**Instructions for the task**
Copy every entry as is. Leave images out.

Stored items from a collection
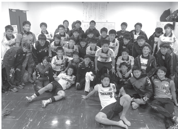
祝ベスト8！思い出のロッカールーム

僕達の失敗、経験が無駄にせず、常に上を目指して、必ず埼玉スタジアムで優勝して下さい！
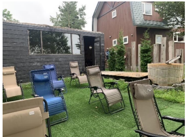
写真 2 外気浴スペースから見たサウナの外観 (2023年8月18日)
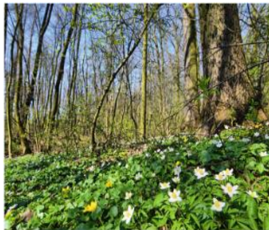
Fot. Rezerwat przyrody Błyszcz

Na terenie powiatu występują dwa obszary krajobrazu chronionego:
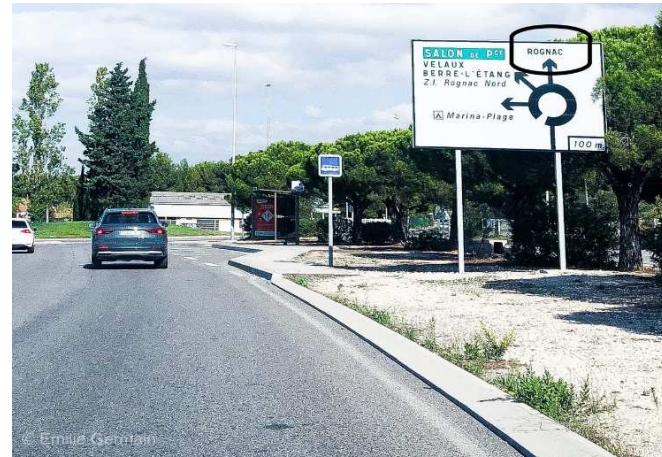
Au bout de la route à 2 voies, rester sur la voie de droite et prendre le rond-point, 2 ème sortie, direction « Rognac » At the end of the 2-lane road, stay in the right lane and take the roundabout, 2 nd exit, direction "Rognac"
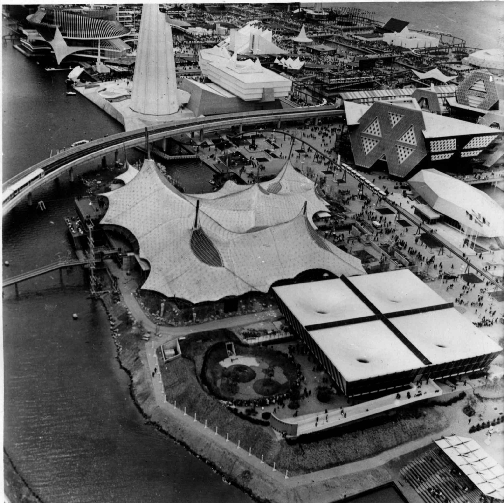
გამოფენა „ექსპო-67“-ის საქათო ხალი.
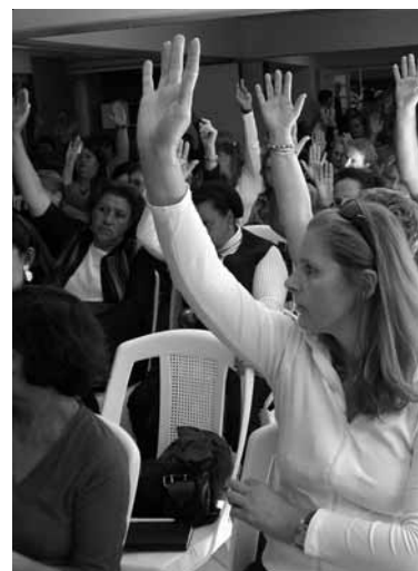
Categoria presente na Assembléia aprova disposições propostas

Todas as informações sobre os detalhes das propostas discutidas na Assembléia você poderá ficar sabendo na próxima edição de nosso informativo e ainda em nosso novo site: www.secraso-rs.com.br
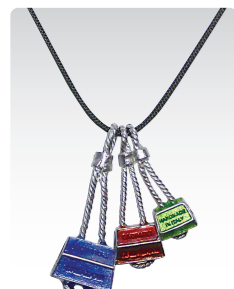
トルクナッツ ¥4,600 (税込¥5,060) ANN075
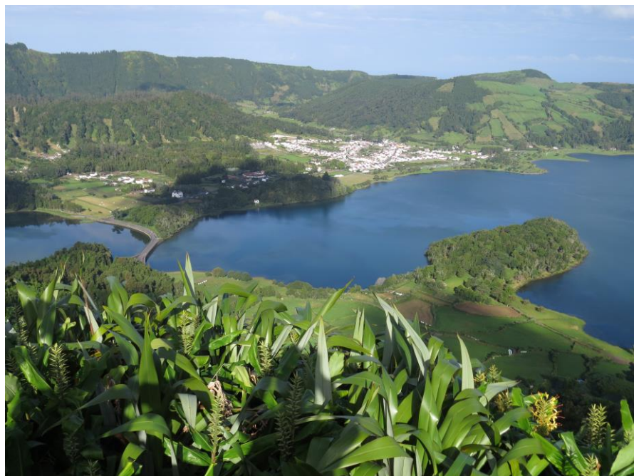
Lago Verde en Lago Azul, Sao Miguel
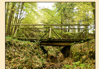
Holzbrücke im Prossener Gründel

Vom Elberadweg in Prossen wandert man an einer alten Parkanlage vorbei in das Prossener Gründel. Im idyllischen Talgrund führt der Wanderweg zum Ort Waltersdorf.
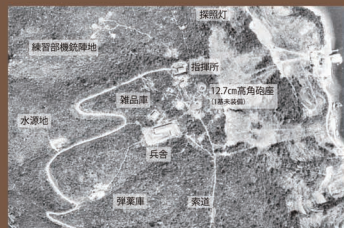
戦後に撮影された大崎高射砲台
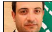
مأساة اسمها «اللاجئون» LBCI ■ 21:30

تطل الفنانة اللبنانية لاميتا فرنجية (الصورة) في برنامج «زهرة الخليج» اليوم لتناقش تفاصيل جديدة عن حياتها الخاصة وأحدث أعمالها. ويتخلل الحلقة تعريف بنوع جديد من رياضة «البيلاتيس» ومعلومات عن اتيكيت التصرف في الحدائق العامة.
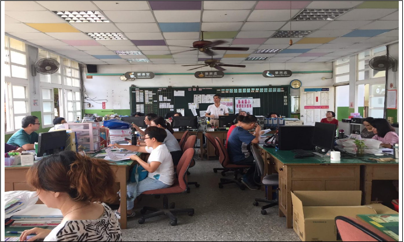
說明：校長主持校園演練計畫編訂。
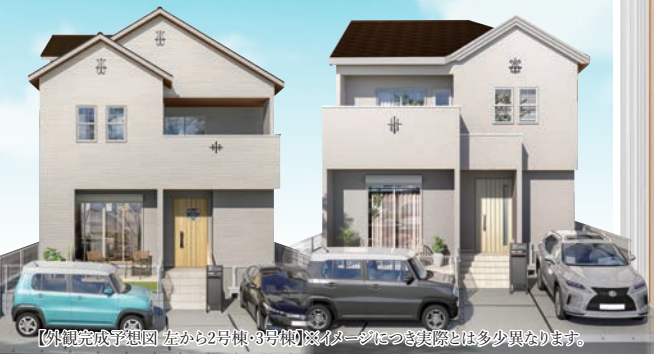
【外観完成予想図】左から2号棟・3号棟 ※イメージにつき実際とは多少異なります。

**Result of the task**
祝ベスト8！思い出のロッカールーム

僕達の失敗、経験が無駄にせず、常に上を目指して、必ず埼玉スタジアムで優勝して下さい！
写真 2 外気浴スペースから見たサウナの外観 (2023年8月18日)
Fot. Rezerwat przyrody Błyszcz

Na terenie powiatu występują dwa obszary krajobrazu chronionego:
Au bout de la route à 2 voies, rester sur la voie de droite et prendre le rond-point, 2 ème sortie, direction « Rognac » At the end of the 2-lane road, stay in the right lane and take the roundabout, 2 nd exit, direction "Rognac"
გამოფენა „ექსპო-67“-ის საქათო ხალი.
Categoria presente na Assembléia aprova disposições propostas

Todas as informações sobre os detalhes das propostas discutidas na Assembléia você poderá ficar sabendo na próxima edição de nosso informativo e ainda em nosso novo site: www.secraso-rs.com.br
トルクナッツ ¥4,600 (税込¥5,060) ANN075
Lago Verde en Lago Azul, Sao Miguel
Holzbrücke im Prossener Gründel

Vom Elberadweg in Prossen wandert man an einer alten Parkanlage vorbei in das Prossener Gründel. Im idyllischen Talgrund führt der Wanderweg zum Ort Waltersdorf.
戦後に撮影された大崎高射砲台
مأساة اسمها «اللاجئون» LBCI ■ 21:30

تطل الفنانة اللبنانية لاميتا فرنجية (الصورة) في برنامج «زهرة الخليج» اليوم لتناقش تفاصيل جديدة عن حياتها الخاصة وأحدث أعمالها. ويتخلل الحلقة تعريف بنوع جديد من رياضة «البيلاتيس» ومعلومات عن اتيكيت التصرف في الحدائق العامة.
說明：校長主持校園演練計畫編訂。
【外観完成予想図】左から2号棟・3号棟 ※イメージにつき実際とは多少異なります。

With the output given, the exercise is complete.